Мальчик отводит глаза.

— Мог бы ты, Смирнов, пока все спят, так спрятаться, чтобы никто не знал и не нашел, чтобы даже я не знал — чтобы мне не пришлось им врать? А когда будет можно, я громко тебя позову. Или велю Виноградову подудеть в трубу: ду-ду-ду! — какой-нибудь красивый сигнал. Это значит: выходи, Смирнов.

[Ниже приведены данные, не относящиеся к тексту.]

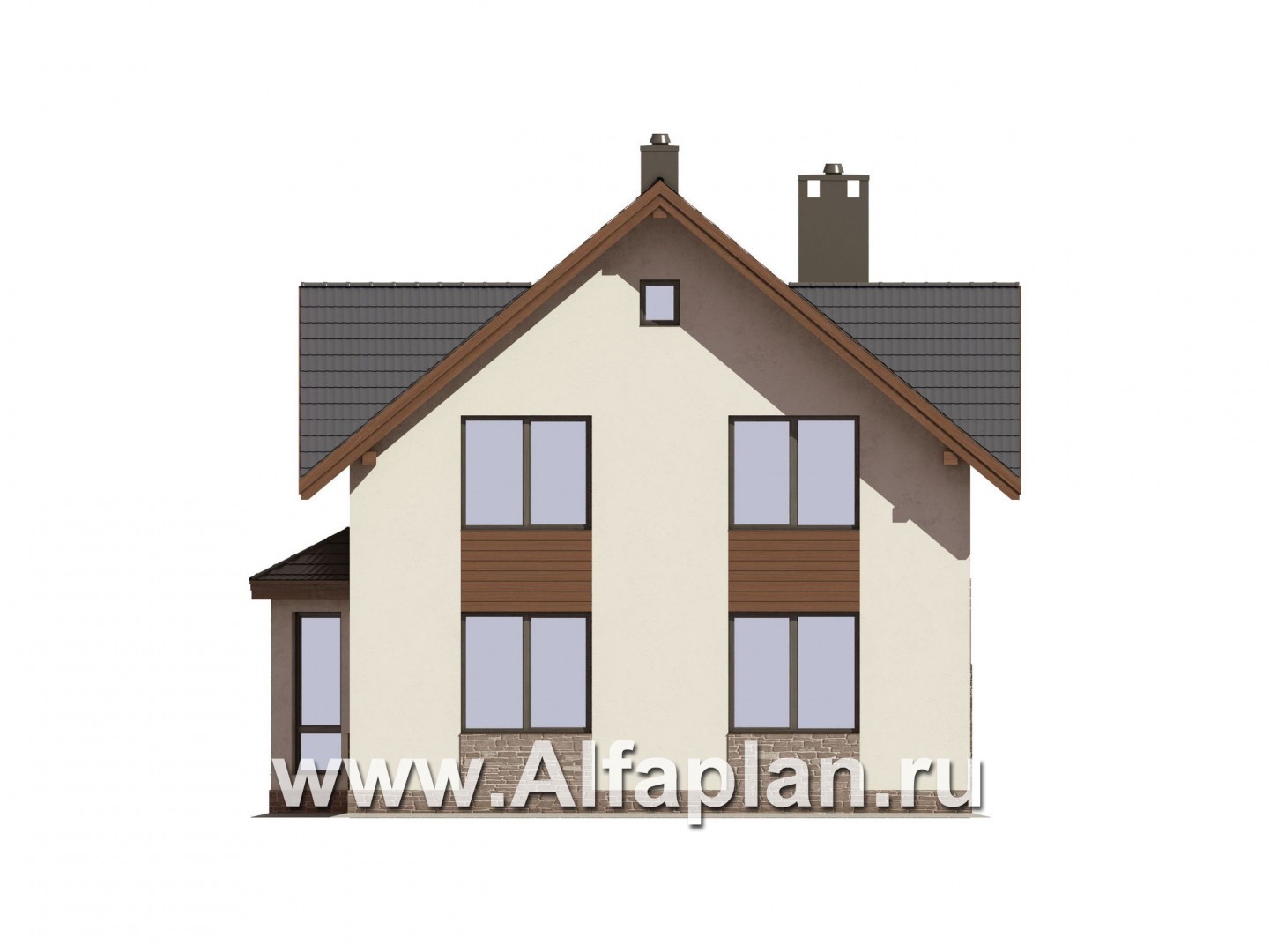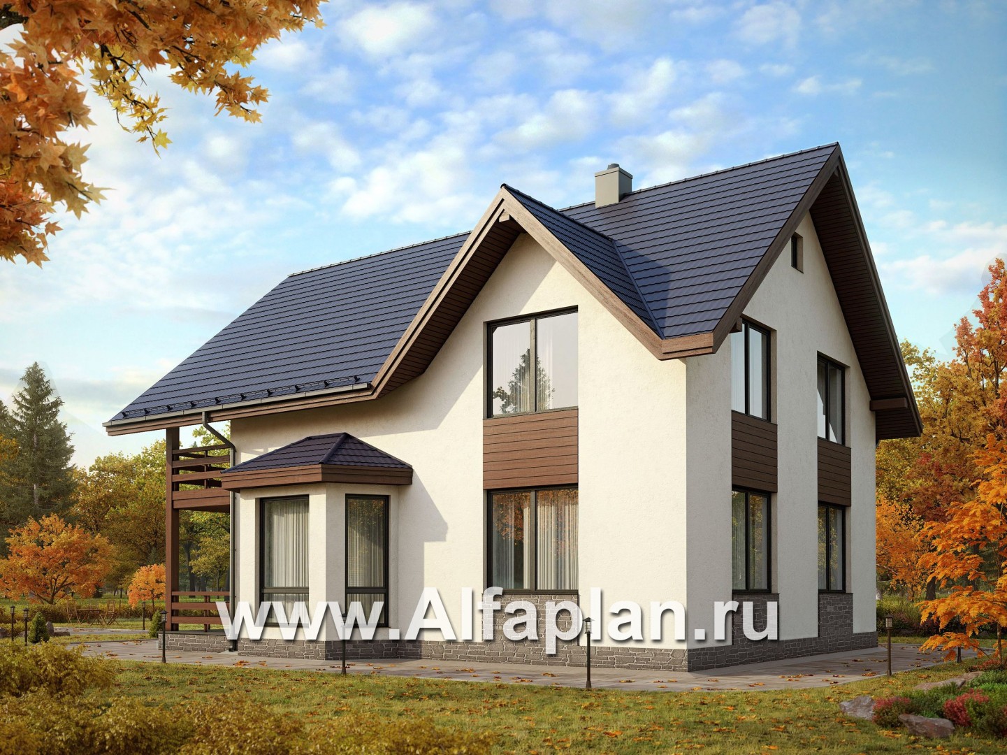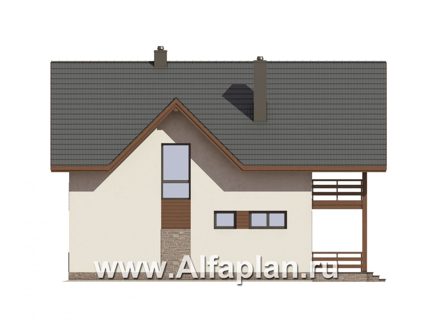 Проект частного дома с мансардой, 3 спальни, с камином и эркером, гостевая комната на 1 эт, терраса и балкон со стороны входа
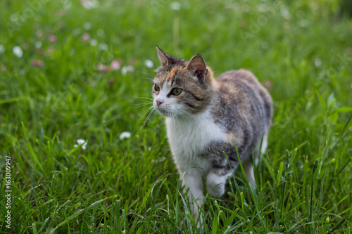 Three colored cat is standing in the lawn
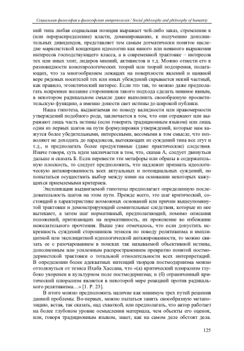В последнее время в исследовательской (отечественной чаще) литературе, особенно в ее гуманитарном сегменте, стали достаточно популярными два взаимосвязанных и даже взаимообусловленных (но, правда, не всегда очевидных для самих авторов) тезиса: констатация тотального (эксплицитно, а чаще имплицитно утверждаемого) релятивизма и идеологической (столь же явно или неявно провозглашаемой) ангажированности тех или иных выдвигаемых суждений исследователей, публицистов, общественных активистов и т. д.

Мальчик долго молчит, посапывая и ерзая на рассохшемся стуле. Потом деловито отвечает:

— Я спрячусь.

Мама, что я творю, с испугом дивится себе Снетков, глядя из-за шторы мальчику вслед, в его сутулую неуверенную спину, обтянутую слишком узким клетчатым пальто с полуоторванным капюшоном, — до чего же медленно он, черт побери, идет по двору, открытый любым случайным взглядам; вот и вовсе встал, оглушенный внезапным обвалом галочьей стаи с колокольни, — стоит, задрав голову, раздумывает; неужели полезет на колокольню? — это зря, опасно, о колокольне речи не шло, имелся в виду какой-нибудь подвальчик, сарайчик, какая-нибудь неприметная норка… нет, обошлось, пошел, идет мимо колокольни, мимо собора, с крыльца которого, слава Богу, куда-то исчезли те двое ненужных свидетелей; озирается зябко, скрывается за углом пищеблока; теперь и Снетков решается выйти на воздух. Выходит и смотрит на часы. До исхода мертвого часа остается восемнадцать минут.

Во времена, когда интернат принято было называть лесной школой, мертвый час на горе Снетков называл «тихим» и любил его, потому что считал часом своей свободы, а во всю прочую часть дня был раздражен. Раздражала лень и бестолковость персонала, раздражали панибратские придирки воспитателей и учителей к нему, тогда еще молодому врачу, но сильнее всего раздражали дети: ну почему они бегают как ошпаренные и орут как резаные, почему выкрикивают друг другу нелепые, грязные, даже вовсе непечатные слова, зачем так злобно задевают, дергают, дразнят друг друга, сами же плачут, сами же потом громко жалуются, сами же ябедничают не менее крикливым и не в меру резким воспитательницам; отчего так кисло, тоскливо пахнут, толпясь на процедурах и осмотрах, их же возят в баню, их ведь строго заставляют мыть ноги и зубы перед сном!.. В дообеденные, школьные часы, когда крик стоял только на переменах, Снетков и подавно не мог побыть с самим собой: с бездумной и злой торопливостью громоздил обязательные поденные записи в историях болезни, сочинял отчеты и запросы в облздравотдел, — и это были самые ненавистные в жизни часы. В обед он ел. В столовой гремел дюраль мисок и ложек, чавкали рты, раздавались те же жалобы и крики… Но — трубила труба, наступал тихий час, и дети засыпали. Уезжали в город учителя, задремывали воспитательницы, врачи и медсестры забывались сном на дерматиновых холодных кушетках амбулатории, — он один бодрствовал. Он и гора.